(Information shown)
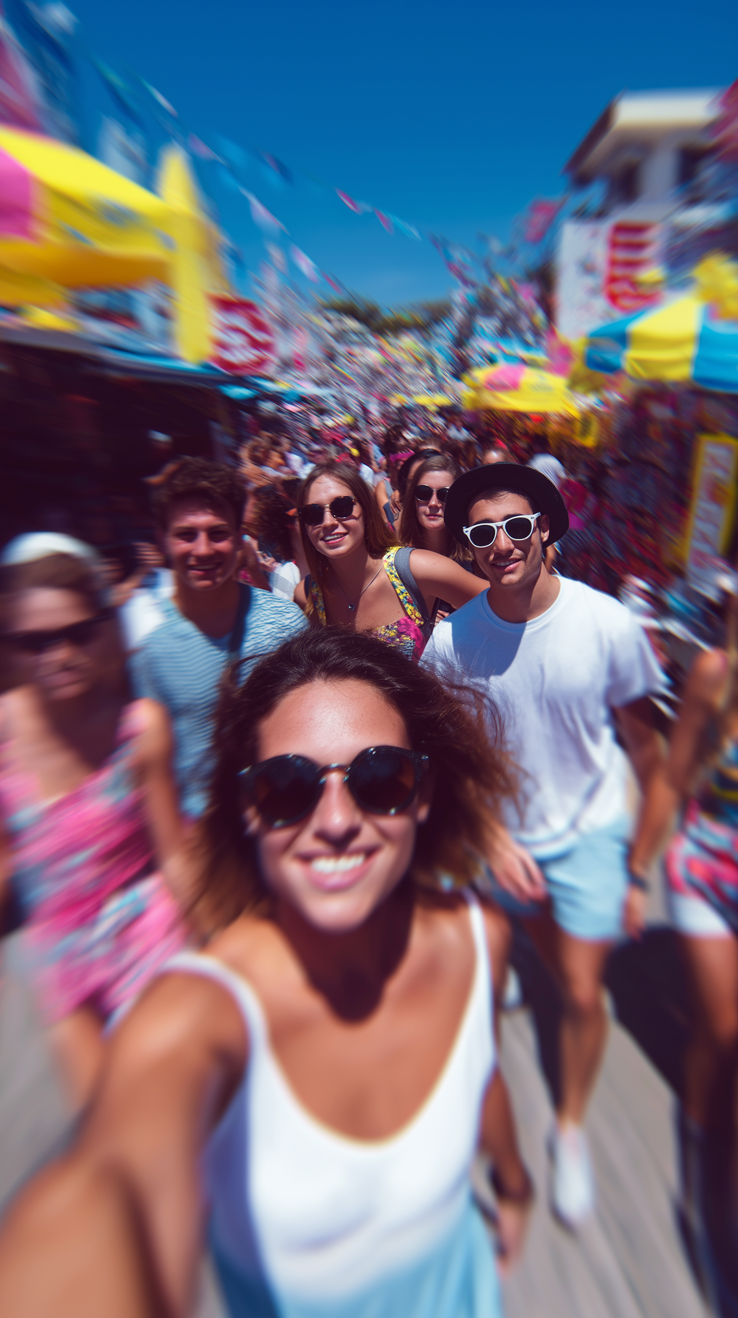 A group of friends enjoying a sunny day at a vibrant outdoor market, captured in a dynamic selfie with colorful stalls and banners in the background.
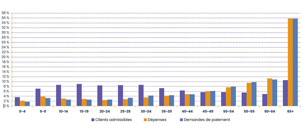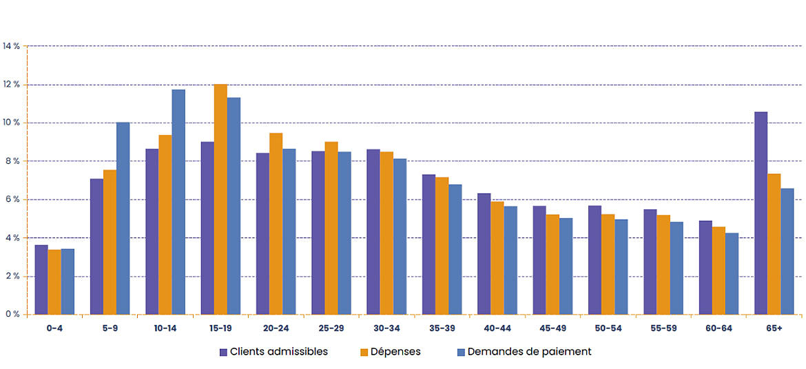 Afin de répondre aux défis liés à la production de rapports liés au petit nombre de clients du programme SSNA choisissant une désignation de genre non binaire à l'heure actuelle et dans le respect des obligations ministérielles en matière de confidentialité, les données sur la population et l'utilisation relatives aux personnes de la catégorie « Autre genre » ont été réparties dans les deux autres catégories de genre et sont indiquées par le symbole « + ».
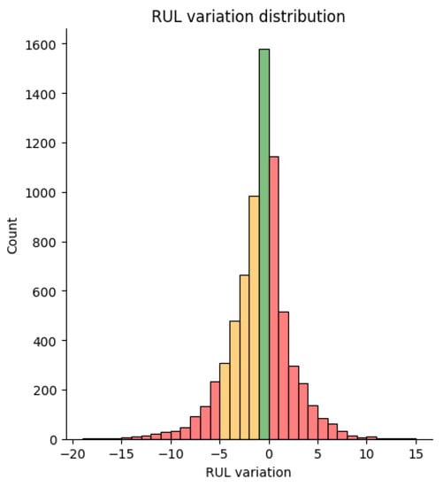 RUL variation distribution: the green bar represents a perfect variation of the RUL estimation, the yellow bars an acceptable variation, and the red bars an inconsistent prediction.
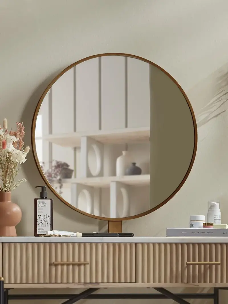Designed to complement our Freja Dressing table, this large round gold toned mirror rises above the dressing table, secured by a metal strut, leaving the full surface of your table free.Discover the complete Freja furniture collection.

(Problem details) The output should be the lines from the one with "Afin de répondre" through the end of the material above, both ends included, printed exactly and nothing else. Drop the pictures.

(Result of this task)
 Afin de répondre aux défis liés à la production de rapports liés au petit nombre de clients du programme SSNA choisissant une désignation de genre non binaire à l'heure actuelle et dans le respect des obligations ministérielles en matière de confidentialité, les données sur la population et l'utilisation relatives aux personnes de la catégorie « Autre genre » ont été réparties dans les deux autres catégories de genre et sont indiquées par le symbole « + ».
 RUL variation distribution: the green bar represents a perfect variation of the RUL estimation, the yellow bars an acceptable variation, and the red bars an inconsistent prediction.
Designed to complement our Freja Dressing table, this large round gold toned mirror rises above the dressing table, secured by a metal strut, leaving the full surface of your table free.Discover the complete Freja furniture collection.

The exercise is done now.